Jesus Manifesto by Leonard Sweet & Frank Viola

imageSweet and Viola say this somewhere near the midpoint of their new book, Jesus Manifesto: “Get a fresh glimpse of your incomparable Lord, and you will be emboldened to stop spending your life on yourself. Connect with Him who is life, and you will be empowered to deny yourself, live beyond yourself, and live outside yourself.” Herein is the key idea behind the author’s call; the Church and her members have abandoned their life in Christ in favor of creeds, theological constructs, and self-help. Rather than sermons, service, and self rooted in ‘having my best life now’ or ‘the me I want to be’, Manifesto insists on every page that we return to a Christianity rooted in Christ, from Alpha to Omega.

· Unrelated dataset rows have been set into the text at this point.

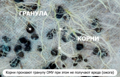 - ОМУ - удобрение пролонгированного действия и до начала его «работы» стимуляцией развития корней занимаются гуминовые вещества, нанесенные на поверхность гранул. Попадая в почву, удобрение отдает в окружающую среду гумат, способствуя прорастанию семян и развитию корневых волосков. А когда корневая система достаточно развита, она поглощает питание из ОМУ и окружающей почвенной среды.
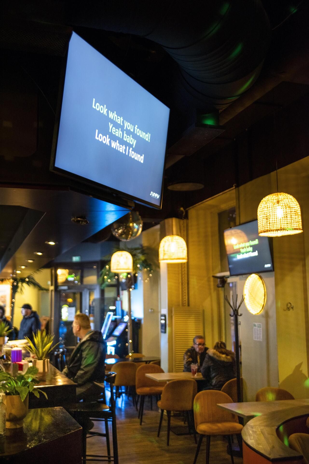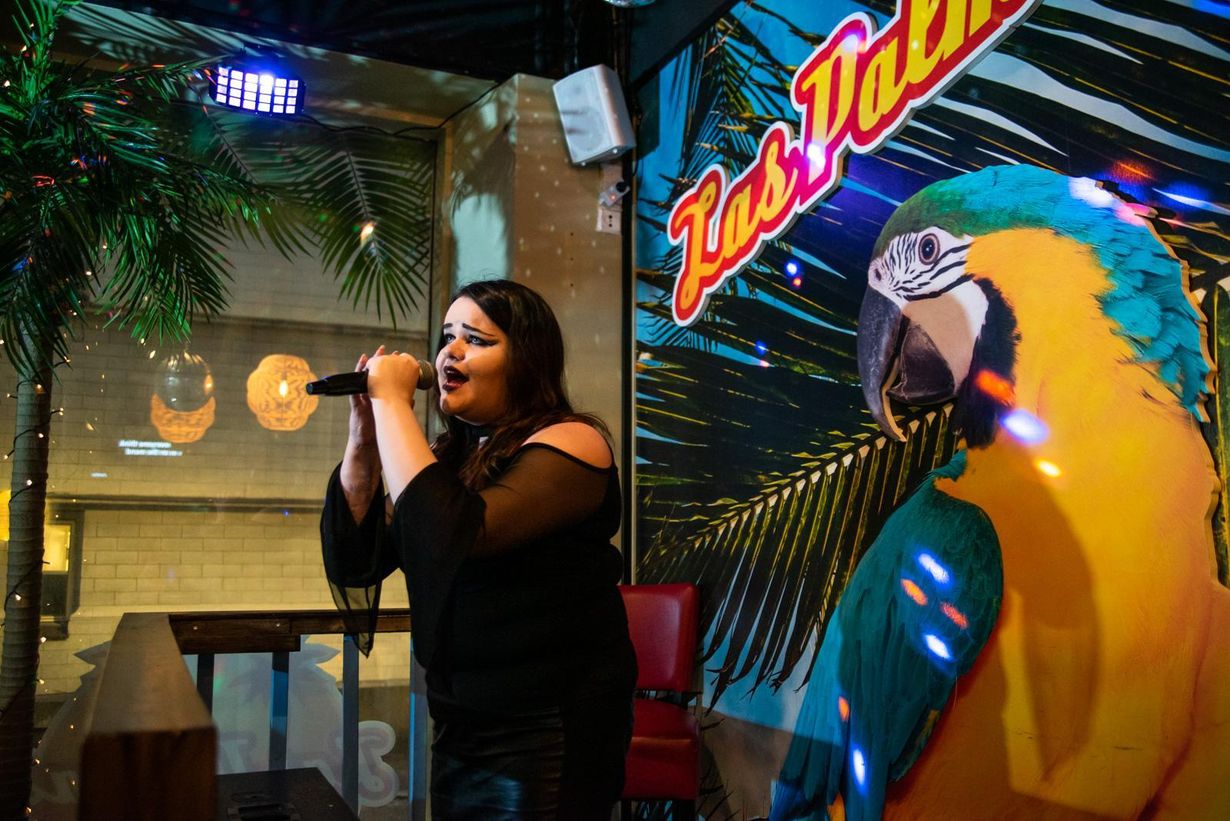En tiedä, osaako nainen laulaa, mutta sillä ei ole väliä. Tämä on Las Palmas -karaokebaari.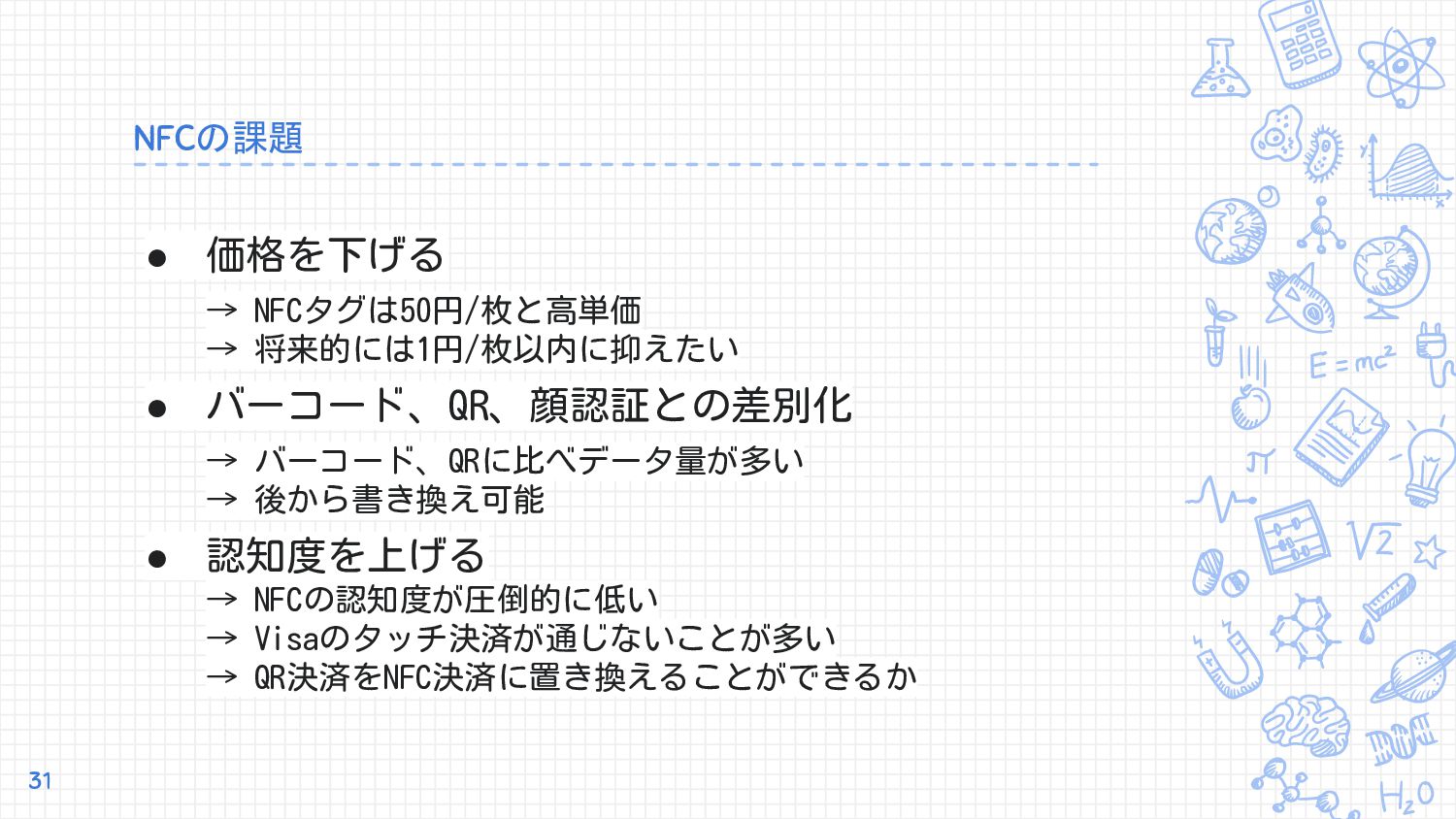 → バーコード、QRに比べデータ量が多い → 後から書き換え可能 • 認知度を上げる → NFCの認知度が圧倒的に低い → Visaのタッチ決済が通じないことが多い → QR決済をNFC決済に置き換えることができるか

The call for Christians to return to our first love is all encompassing as befits the all-in-all that Sweet and Viola remind us that Christ inhabits. It is this need to remind us of our first love that drives the book. The authors reach far and wide to examine the myriad ways in which Christians have substituted self-esteem, moral improvement, theology, social justice and a whole host of other things for Christ. Jesus has been reduced to the titular center of the church. Our movement away from Him in an imagined exchange between Jesus and Peter. Does Christ ask Peter, upon his restoration, to build a leadership program, improve the self-esteem of His followers, or help them to try harder to be Christ-like? No. Jesus asks His friend Peter, “Do you love me?”

Along the entire span of Alpha to Omega there is but one question to answer about Jesus, “Do you love me?”

 

Thomas Nelson graciously provided this book for review.